無恤湊到我耳邊小聲道:“國人要服兵役,野人沒有資格從軍,就要服些勞役。這個用田賦是兩年前‘三桓’之首的季孫氏首先提出來的,就是不要野人服勞役,而要他們用糧食實物直接繳賦。”
“怎麼還有這樣的賦稅?”農人起早摸黑辛勤耕種所得餘糧也只夠餬口活命的,像這些額外的賦稅,若是遇上豐年興許還能勉強應付,若是災年哪裡還繳得出來。
我和無恤說話間,獵戶們都在吵着要把這六人當做強盜送官嚴懲,但老里宰卻叫僕從給六人一人分了一小袋黍米後就放他們走了。
里宰這一舉動叫獵戶們忿忿不平,但我心裡卻不由對他又多了幾分敬意。
“三位深夜揹着行囊要去哪裡啊?”里宰遣退了所有人之後只把我們三個留了下來。
無恤將兩隻小袋放在里宰身前,擡手一禮:“這是鄙與幼弟前日在里宰處領到的十枚刀幣,現下悉數奉還。我兄妹三人不能隨侍里宰去宋國,還請里宰見諒!”
“你們不去宋國,這是要去哪裡啊?”昏暗的燈光下,老人半眯起眼睛輕捋着長鬚看着我們。
“鄙想帶着弟妹二人去魯都曲阜拜見孔大夫。”無恤看了我一眼,低頭恭聲回道。
“哦!”里宰聞言一擡雙眉喜笑道,“你說,你要帶這兩個小兒去曲阜聽孔大夫講學?”
“正是。”
“善,大善!君子食無求飽,居無求安,敏於事而慎於言,就有道而正焉,可謂好學也已(1)。”老人看着無恤不住地點頭,而後彎腰又將兩袋錢幣重新放到了無恤身邊,“老朽當年也曾有幸拜在夫子門下求學。夫子收徒不論貴賤,不問出身,你狩獵山林,貧苦度日,卻有這樣一份求學問道之心,實屬難得。這錢算是老朽送你們做路資的,他年你若能對儒門之學有所體悟,定能有一番作爲。”
“謝里宰!”無恤俯身一禮。
“去吧,路上小心些。”
我們拜別了里宰出了小院,回頭看着黑暗中那扇亮着橘黃色燈光的小窗,我在心中不由尋思,這樣的見識,這樣的氣度,這便是孔門子弟嗎?那“朝聞道,夕死可矣”的孔夫子又會是一個怎樣的人?

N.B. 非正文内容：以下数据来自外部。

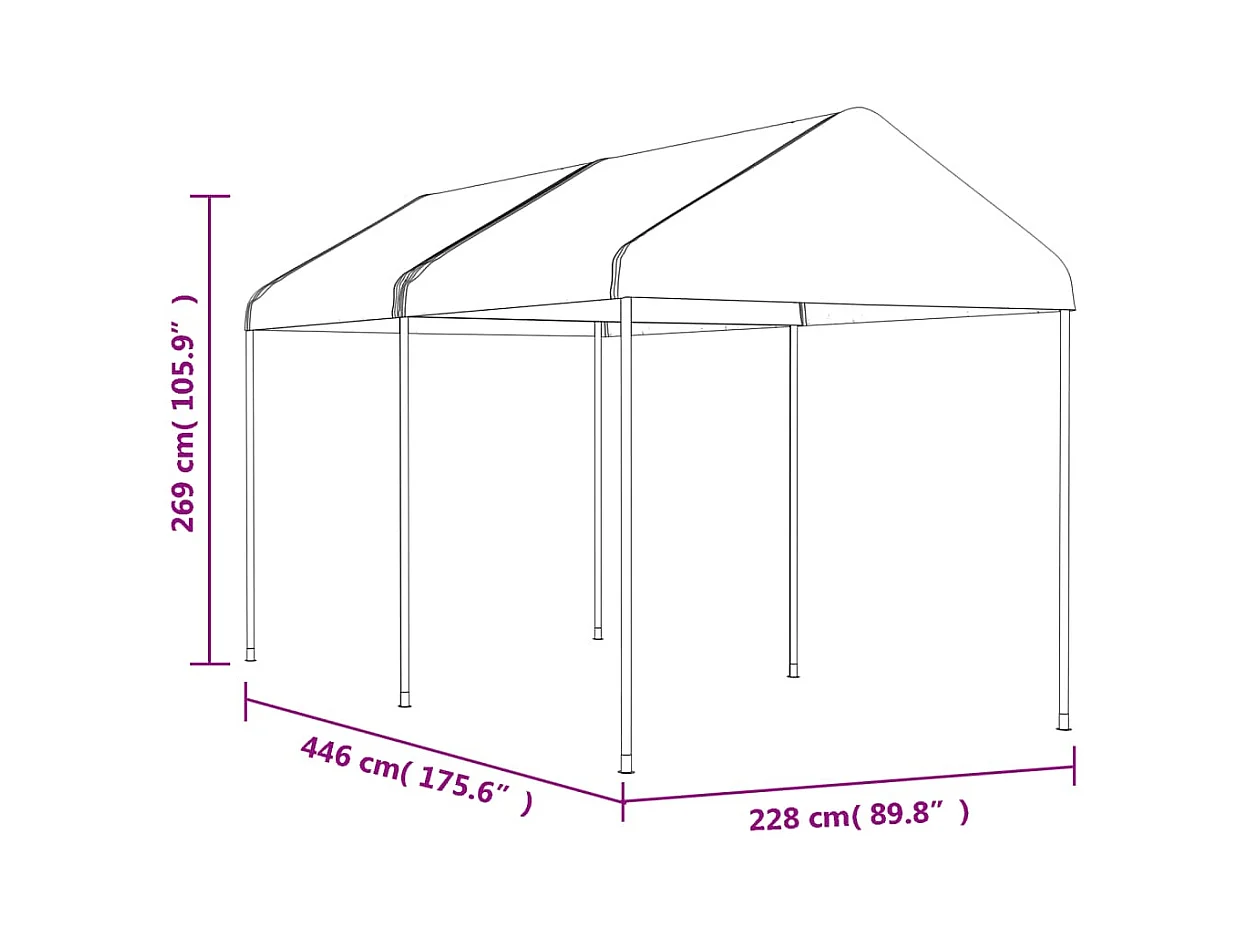 Gazebo con techo blanco 4,46x2,28x2,69 m polietileno
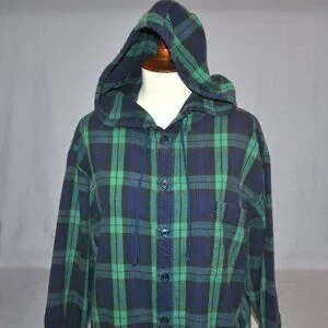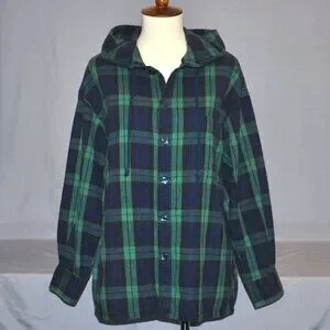 The Limited, Limited Jeans, Express, 90s, 1990s, 80s 1980s, plaid, tartan plaid, button-down, preppy, vintage, designer, soft, comfortable, flattering, classic, chic, holiday, festive, Christmas, academia, size small, oversized, size medium, retro, green, blue, black, classic plaid, hood, hoodie shirt, fall, winter, rustic,

我們離開了村子,沿着田泥堆出來的小道繼續往東面走去。小道的兩邊是灑滿銀色月光的禾田。田間,那些不願入睡的青蛙還在齊聲高唱着屬於夏夜的歌謠。
“紅雲兒,你當年遊歷列國,可也見過孔夫子?”
無恤拎過我背上的行囊,笑道:“孔丘當年在衛時,我在他弟子子路家中見過他一面。”
“你認識子路?那你可趁機向孔夫子求學問政了?”我一聽便來了興致。
“我那時還是個毛頭小兒,求什麼學?問什麼政?況且,這孔夫子對卿父的言行一向頗有微詞。當年卿父鑄刑鼎,他說晉要亡國;卿父收陽虎爲臣,他說趙要亡族。就連後來卿父派董安於修建晉陽城都遭過他的罵。我那時年少氣盛,也不願和他說話,與子路比完劍就走了。”
“原來,你也有這樣小兒心性的時候。”我輕笑了一聲看着無恤道,“卿相當年鑄刑鼎是叫黎庶識法,築晉陽城是爲了自守,這兩樣我倒沒覺得有什麼不好。不過,收陽虎這樣的豺狼做家臣還授予高位,我就真有些不懂了。”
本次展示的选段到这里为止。